Article · · 4 min
What I look for first when I open a production system
I have five days, not to fix a system, but to find where it will fail and what that failure will cost. The order I look in is not a checklist. It is a ranking by blast radius.
When I open a production system for the first time, I have five days. Not five days to fix it. Five days to understand it well enough to say, with evidence, where it will fail and what that failure will cost.
That constraint decides everything that follows. I cannot read every line. I cannot trace every path. So I do not start where the code is most interesting. I start where being wrong is most expensive.
The order I look in is not a checklist. It is a ranking by blast radius.
The biggest risks first, while I still have the most context and the fewest assumptions. By day four I will know too much to see the system the way an attacker or an outage will. So the first day is the most valuable, and I spend it on the things that take the whole system down, not the things that annoy a developer.
Here is the order, and why each step sits where it does.
First, what the internet can touch
Not the code. The exposure.
The first question is what is reachable from outside, because that is the only surface where a stranger gets a vote. Security groups left open from a debugging session. A storage bucket that is public because making it public was the fastest way to ship. An admin panel on a path someone assumed nobody would guess. A database listening on a public address because it was easier than a bastion.
The blast radius here is the entire system, so it goes first. Everything else assumes the attacker is already inside or is never coming. This step asks the cheaper question: how hard is it to get in at all.
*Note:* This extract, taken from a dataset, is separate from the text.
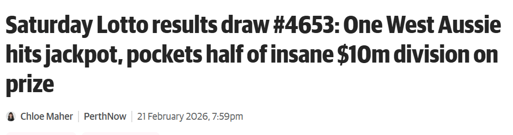 就在本次开奖前不久,西澳也曾传来喜讯。情人节当天,三名当地彩民的收获远不止一束玫瑰花。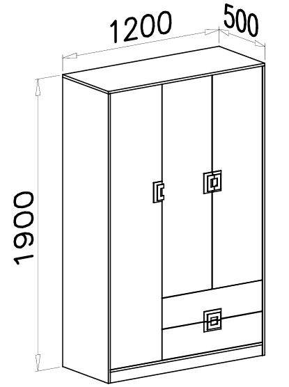 Der Schrank misst 120×50×190 cm und bietet damit ein ausgewogenes Verhältnis zwischen Stauraum und Kompaktheit. Er lässt sich ideal an einer Wand oder in einer Zimmerecke platzieren und nutzt den vorhandenen Platz optimal aus. Mit einer Höhe von 190 cm bietet er ausreichend Platz für hängende Kleidung, während die Einlegeböden ideal für gefaltete Wäsche, Schuhe oder Accessoires sind. Die Breite von 120 cm schafft eine gute Balance zwischen Funktionalität und Leichtigkeit im Raum, und die Tiefe von 50 cm gewährleistet eine gute Übersicht und einfachen Zugriff auf den Inhalt.

Then, who can act, and who decided that
Inside the system, the question changes from “can you get in” to “what can you do once you are in.”
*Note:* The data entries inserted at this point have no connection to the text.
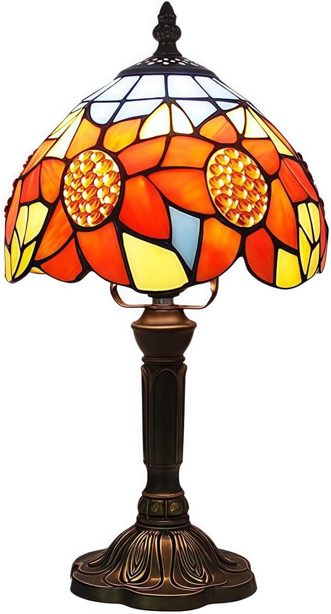 Tiffany Table Lamp Sunflower Stained Glass Lamp,8" Small Tiffany Lamp for Living Room Home,Bedroom Bedside Vintage Lamp for Office Dorm Bar Decor Gift,Included LED Bulb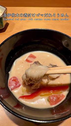 Squid from Hyogo The squid was finely sliced and beautifully translucent— it’s hard to capture in photos or videos, but it was so tender and flavorful. A splash of sudachi citrus added a refreshing touch, and the sprinkle of salt on top brought everything together. So good!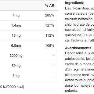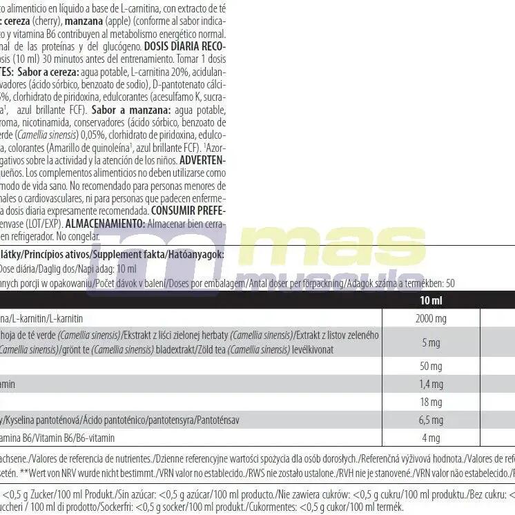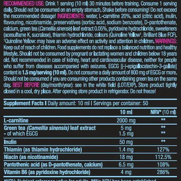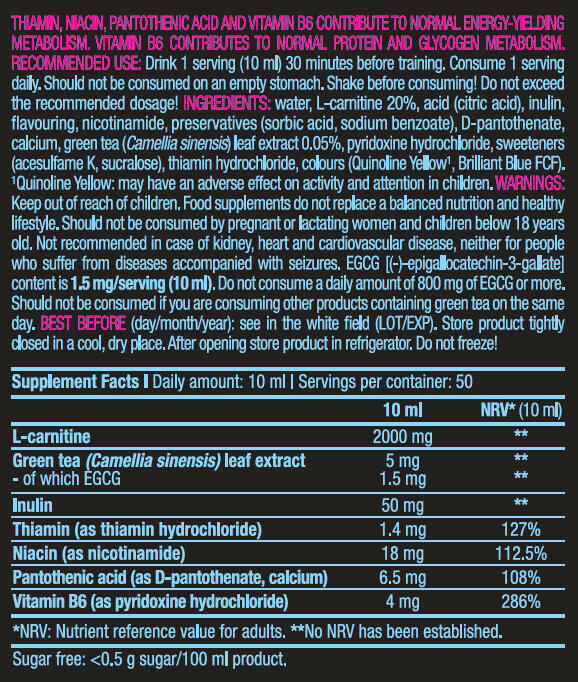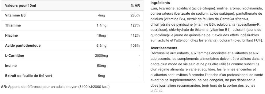 Nutritional information Per 1 Dose (10 ml) Per 10 ml L-Carnitine 2000 mg Green Tea 5 mg Inulin 50 mg Thiamine 1,4 mg Niacin 18 mg Pantothenic acid 6.5 mg Vitamin B6 4 mg

Identity rarely gets designed. It accumulates. A key minted for a one-off script three years ago, still holding full access. A role widened once during an incident at 2am and never narrowed. A shared credential pasted into a runbook so the on-call could use it. None of it was a mistake at the time. Every grant was reasonable in the moment it was made. Together they are a map of standing permission that nobody has read end to end.
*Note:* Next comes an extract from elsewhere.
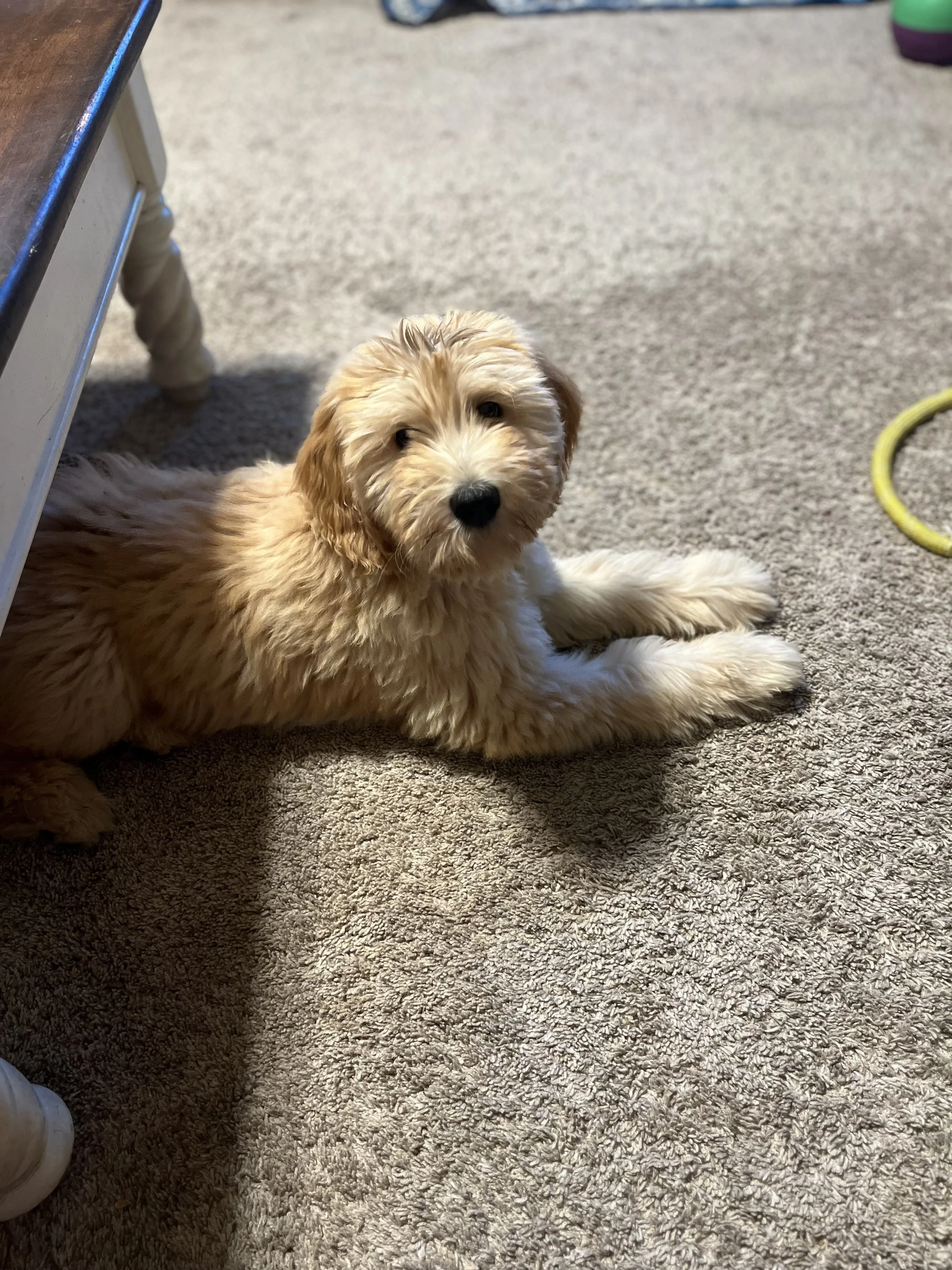 Brownie is doing well with crate training, comfortably staying in his crate for 10 hours at night without accidents. While he's still working on letting us know when he needs to go outside, he reliably potties every time he is taken out. Brownie is a smart, loving puppy who will follow you anywhere, and he can't wait to become your loyal companion.

I read it. Who can reach production, who can read the data, who can change the rules. The dangerous answers are almost never malicious. They are sediment.
Then, whether the data survives being needed
Everyone has backups. Almost nobody has a restore they have run on purpose.
The backup job is green and has been green for two years, which tells you the backup runs, and nothing about whether it works. A backup you have never restored is a hypothesis. The first time you find out whether it holds should not be the night you need it.
So I look for the restore, not the backup. Has it been run, into a clean environment, against a clock, recently enough to mean anything. This is the step that most often turns calm into quiet, because the honest answer is usually no.
Then, how code becomes production
The deploy path is where reliability is actually decided, because it is the one thing that touches the system on a schedule.
Can you roll back in one step, or is rollback a manual scramble nobody has rehearsed. Is there a path that skips review. Does the artifact that was tested get shipped, or does it get rebuilt on the way out and become something slightly different. The pipeline is a behavioral document: it tells you how the team acts under pressure, because it is what runs when there is pressure.
Last, what works only because nothing has tested it
Only now do I read the code itself, and through one lens: what here works because nothing has stressed it yet.
I am not counting coverage. I am looking for the places the system has never been asked a hard question. The path that only runs at month end. The queue that has never been full. The retry that has never actually retried. This is where untested code lives, and untested code that happens to work is a demo that has not failed yet.
It goes last on purpose. It has the smallest blast radius of the five and the largest surface, so it would eat all five days if I let it. After the first four steps I know which untested paths actually matter, and I read only those.
What five days actually produces
Not a list of bugs. A map.
The output is where the system fails first, ranked by what being wrong about it would cost, with the recovery paths that do not currently exist marked clearly. It is the document that lets someone who owns the system decide what to fix now, what to fund later, and what to simply watch. The findings are the easy part. The order is the work.
Most teams already know at least one of these is true. The audit is not the discovery. It is the moment it stops being optional to know.